:: What you are asked to do ::
From the listing below, copy only the lines running from the line that contains "塾講師ステーションキャリアの" to the line that contains "爽やかなライトブルーのカラー", both included.

:: Source information ::
········
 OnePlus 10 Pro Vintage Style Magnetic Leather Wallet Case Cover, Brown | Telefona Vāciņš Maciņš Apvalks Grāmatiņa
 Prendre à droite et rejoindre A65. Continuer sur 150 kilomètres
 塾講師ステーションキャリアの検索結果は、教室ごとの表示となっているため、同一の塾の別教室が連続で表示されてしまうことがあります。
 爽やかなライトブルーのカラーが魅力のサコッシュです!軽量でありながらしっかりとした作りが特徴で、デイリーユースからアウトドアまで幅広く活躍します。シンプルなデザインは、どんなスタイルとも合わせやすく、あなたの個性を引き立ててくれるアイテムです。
········
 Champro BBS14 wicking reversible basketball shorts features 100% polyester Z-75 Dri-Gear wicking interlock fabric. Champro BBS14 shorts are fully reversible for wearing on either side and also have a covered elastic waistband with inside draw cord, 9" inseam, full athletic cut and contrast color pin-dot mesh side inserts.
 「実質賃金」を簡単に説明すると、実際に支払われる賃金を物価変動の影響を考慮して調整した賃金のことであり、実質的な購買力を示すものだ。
········
:: Answer to this exercise ::
 塾講師ステーションキャリアの検索結果は、教室ごとの表示となっているため、同一の塾の別教室が連続で表示されてしまうことがあります。
 爽やかなライトブルーのカラーが魅力のサコッシュです!軽量でありながらしっかりとした作りが特徴で、デイリーユースからアウトドアまで幅広く活躍します。シンプルなデザインは、どんなスタイルとも合わせやすく、あなたの個性を引き立ててくれるアイテムです。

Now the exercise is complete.